TASK DIRECTIONS → Dropping every picture, set down exactly the lines in the entries below, starting with the line with "TOPK 8-Порты и" and going on through the line with "Exposed buttons lend".

(Stored entries)
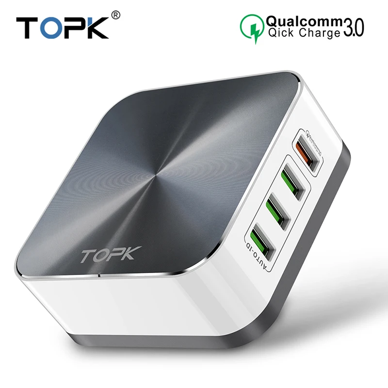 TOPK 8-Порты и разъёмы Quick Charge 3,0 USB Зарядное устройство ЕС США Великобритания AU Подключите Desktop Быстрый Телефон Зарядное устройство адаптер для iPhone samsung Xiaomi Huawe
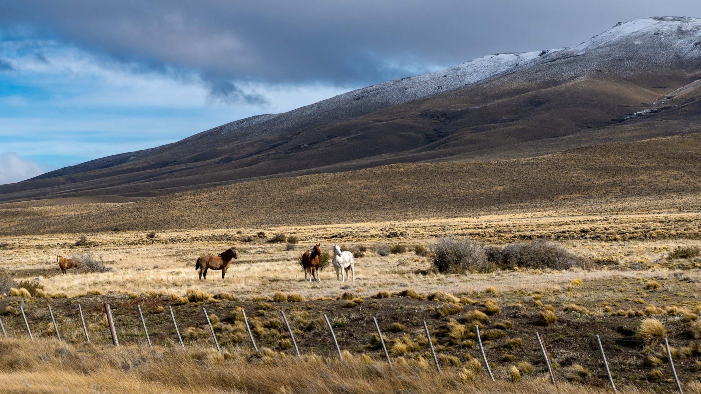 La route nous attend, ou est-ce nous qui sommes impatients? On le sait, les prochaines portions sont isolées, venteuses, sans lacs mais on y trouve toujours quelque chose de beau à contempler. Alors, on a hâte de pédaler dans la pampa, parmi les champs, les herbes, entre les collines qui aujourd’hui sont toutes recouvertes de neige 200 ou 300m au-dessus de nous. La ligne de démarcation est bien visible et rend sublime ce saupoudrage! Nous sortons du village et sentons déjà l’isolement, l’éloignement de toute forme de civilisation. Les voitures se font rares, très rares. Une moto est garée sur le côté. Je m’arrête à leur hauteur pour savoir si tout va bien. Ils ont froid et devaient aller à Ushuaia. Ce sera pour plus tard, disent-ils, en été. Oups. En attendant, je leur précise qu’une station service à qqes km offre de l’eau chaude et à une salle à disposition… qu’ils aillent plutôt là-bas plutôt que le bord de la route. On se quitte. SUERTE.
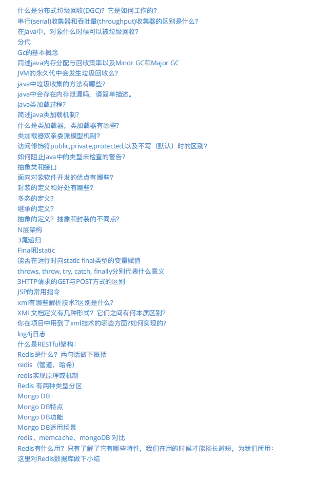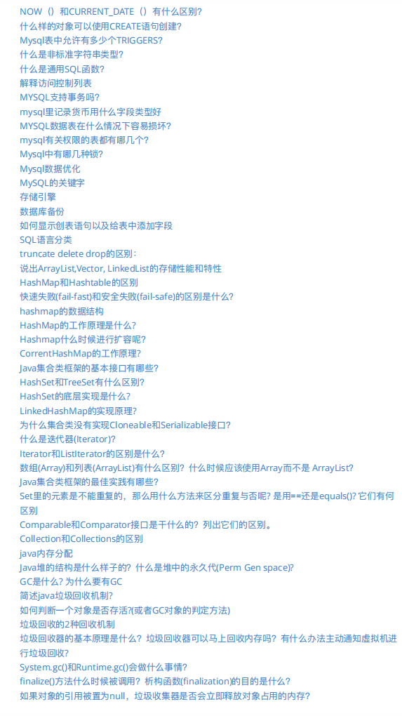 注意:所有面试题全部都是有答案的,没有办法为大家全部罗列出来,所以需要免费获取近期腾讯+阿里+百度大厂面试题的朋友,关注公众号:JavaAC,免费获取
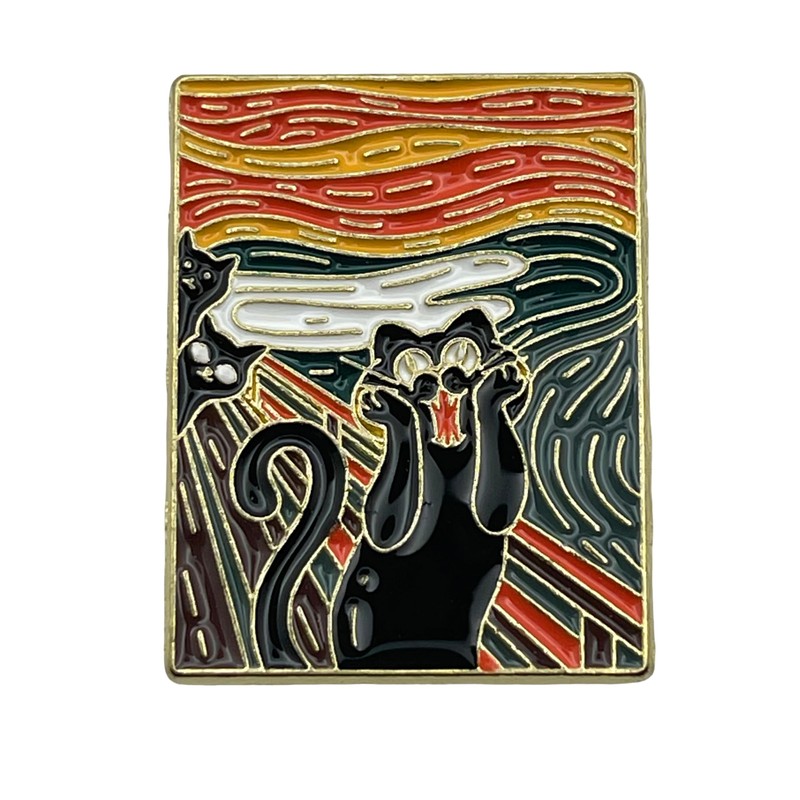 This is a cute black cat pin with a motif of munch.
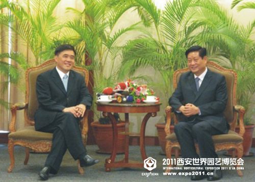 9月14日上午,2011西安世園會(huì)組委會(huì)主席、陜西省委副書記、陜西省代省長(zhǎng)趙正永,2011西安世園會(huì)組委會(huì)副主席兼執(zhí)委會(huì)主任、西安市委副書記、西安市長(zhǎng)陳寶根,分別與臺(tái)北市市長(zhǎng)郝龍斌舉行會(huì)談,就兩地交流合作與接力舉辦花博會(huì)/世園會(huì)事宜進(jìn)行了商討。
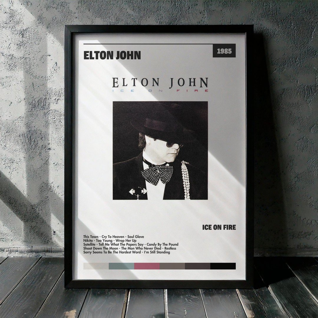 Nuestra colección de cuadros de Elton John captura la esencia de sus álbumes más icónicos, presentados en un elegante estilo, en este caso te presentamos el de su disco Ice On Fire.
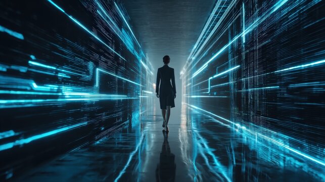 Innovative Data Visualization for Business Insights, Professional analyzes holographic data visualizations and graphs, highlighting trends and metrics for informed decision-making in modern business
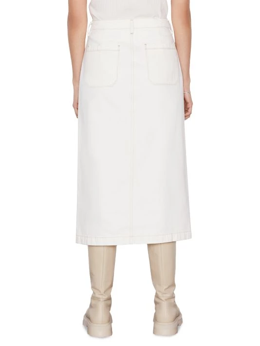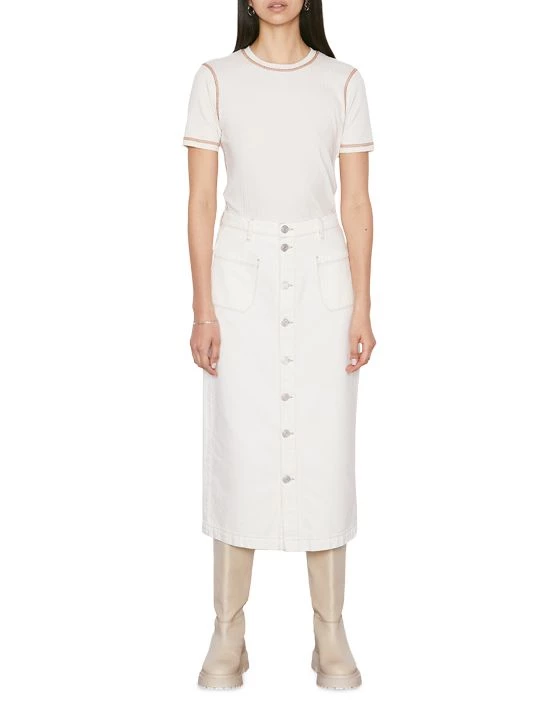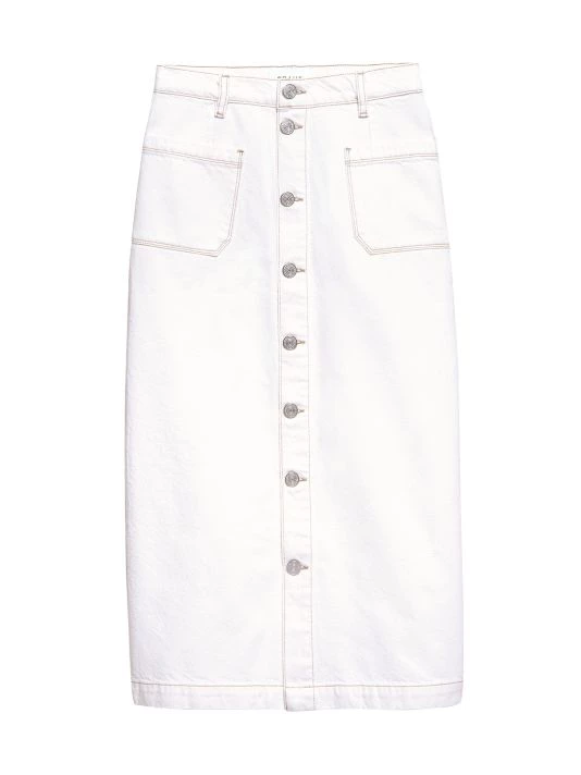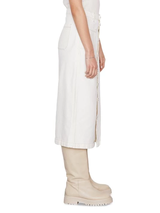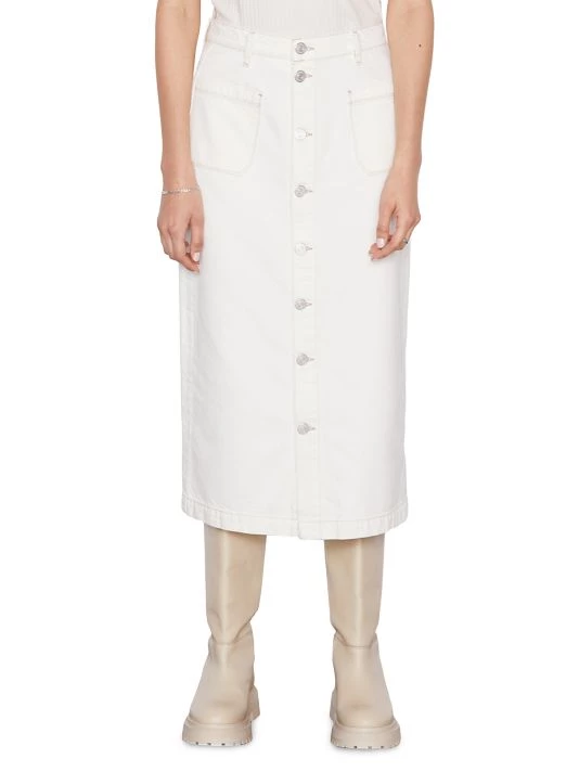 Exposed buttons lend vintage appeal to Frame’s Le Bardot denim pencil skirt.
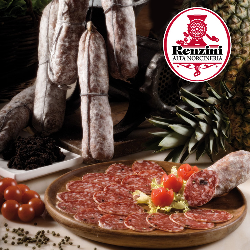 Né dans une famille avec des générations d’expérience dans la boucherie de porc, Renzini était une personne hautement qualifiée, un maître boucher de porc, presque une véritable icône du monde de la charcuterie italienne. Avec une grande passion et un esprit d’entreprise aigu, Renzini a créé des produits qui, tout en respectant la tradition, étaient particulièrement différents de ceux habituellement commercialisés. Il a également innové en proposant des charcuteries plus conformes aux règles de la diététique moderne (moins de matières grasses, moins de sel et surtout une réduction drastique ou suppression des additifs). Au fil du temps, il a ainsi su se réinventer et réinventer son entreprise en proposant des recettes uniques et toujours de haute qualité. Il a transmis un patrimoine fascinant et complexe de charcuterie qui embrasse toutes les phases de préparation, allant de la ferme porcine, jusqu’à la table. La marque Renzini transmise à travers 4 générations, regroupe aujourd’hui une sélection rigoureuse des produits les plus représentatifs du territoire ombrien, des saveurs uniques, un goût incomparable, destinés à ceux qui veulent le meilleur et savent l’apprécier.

...

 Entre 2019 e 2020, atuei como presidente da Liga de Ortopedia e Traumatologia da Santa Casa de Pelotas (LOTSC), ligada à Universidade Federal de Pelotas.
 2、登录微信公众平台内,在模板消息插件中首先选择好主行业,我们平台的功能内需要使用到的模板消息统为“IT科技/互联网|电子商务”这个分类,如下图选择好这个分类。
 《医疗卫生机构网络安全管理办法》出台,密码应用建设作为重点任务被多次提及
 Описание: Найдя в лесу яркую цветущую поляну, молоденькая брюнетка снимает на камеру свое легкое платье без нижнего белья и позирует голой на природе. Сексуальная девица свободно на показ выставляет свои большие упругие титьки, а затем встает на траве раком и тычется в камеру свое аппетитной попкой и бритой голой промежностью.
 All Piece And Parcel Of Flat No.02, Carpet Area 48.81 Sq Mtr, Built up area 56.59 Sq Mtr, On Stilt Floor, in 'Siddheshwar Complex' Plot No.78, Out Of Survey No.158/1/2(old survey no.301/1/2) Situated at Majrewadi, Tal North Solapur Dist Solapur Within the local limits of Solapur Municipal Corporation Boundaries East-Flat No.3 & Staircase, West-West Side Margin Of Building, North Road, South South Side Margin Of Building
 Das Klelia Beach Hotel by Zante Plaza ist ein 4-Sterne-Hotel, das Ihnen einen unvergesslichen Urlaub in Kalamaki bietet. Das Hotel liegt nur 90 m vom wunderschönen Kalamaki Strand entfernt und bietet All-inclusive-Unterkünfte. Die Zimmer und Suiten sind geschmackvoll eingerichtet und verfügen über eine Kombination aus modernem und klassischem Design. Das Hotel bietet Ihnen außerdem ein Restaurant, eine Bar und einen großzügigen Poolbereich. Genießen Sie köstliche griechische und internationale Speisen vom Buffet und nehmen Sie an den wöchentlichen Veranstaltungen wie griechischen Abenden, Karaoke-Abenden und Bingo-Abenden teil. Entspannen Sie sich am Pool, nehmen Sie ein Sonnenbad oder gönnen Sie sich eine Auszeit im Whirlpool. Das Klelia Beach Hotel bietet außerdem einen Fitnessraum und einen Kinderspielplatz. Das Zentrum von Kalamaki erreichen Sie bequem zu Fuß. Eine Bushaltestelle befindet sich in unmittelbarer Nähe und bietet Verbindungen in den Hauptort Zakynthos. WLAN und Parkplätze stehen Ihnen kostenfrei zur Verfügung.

ANSWER TO THE PROBLEM →
 TOPK 8-Порты и разъёмы Quick Charge 3,0 USB Зарядное устройство ЕС США Великобритания AU Подключите Desktop Быстрый Телефон Зарядное устройство адаптер для iPhone samsung Xiaomi Huawe
 La route nous attend, ou est-ce nous qui sommes impatients? On le sait, les prochaines portions sont isolées, venteuses, sans lacs mais on y trouve toujours quelque chose de beau à contempler. Alors, on a hâte de pédaler dans la pampa, parmi les champs, les herbes, entre les collines qui aujourd’hui sont toutes recouvertes de neige 200 ou 300m au-dessus de nous. La ligne de démarcation est bien visible et rend sublime ce saupoudrage! Nous sortons du village et sentons déjà l’isolement, l’éloignement de toute forme de civilisation. Les voitures se font rares, très rares. Une moto est garée sur le côté. Je m’arrête à leur hauteur pour savoir si tout va bien. Ils ont froid et devaient aller à Ushuaia. Ce sera pour plus tard, disent-ils, en été. Oups. En attendant, je leur précise qu’une station service à qqes km offre de l’eau chaude et à une salle à disposition… qu’ils aillent plutôt là-bas plutôt que le bord de la route. On se quitte. SUERTE.
 注意:所有面试题全部都是有答案的,没有办法为大家全部罗列出来,所以需要免费获取近期腾讯+阿里+百度大厂面试题的朋友,关注公众号:JavaAC,免费获取
 This is a cute black cat pin with a motif of munch.
 9月14日上午,2011西安世園會(huì)組委會(huì)主席、陜西省委副書記、陜西省代省長(zhǎng)趙正永,2011西安世園會(huì)組委會(huì)副主席兼執(zhí)委會(huì)主任、西安市委副書記、西安市長(zhǎng)陳寶根,分別與臺(tái)北市市長(zhǎng)郝龍斌舉行會(huì)談,就兩地交流合作與接力舉辦花博會(huì)/世園會(huì)事宜進(jìn)行了商討。
 Nuestra colección de cuadros de Elton John captura la esencia de sus álbumes más icónicos, presentados en un elegante estilo, en este caso te presentamos el de su disco Ice On Fire.
 Innovative Data Visualization for Business Insights, Professional analyzes holographic data visualizations and graphs, highlighting trends and metrics for informed decision-making in modern business
 Exposed buttons lend vintage appeal to Frame’s Le Bardot denim pencil skirt.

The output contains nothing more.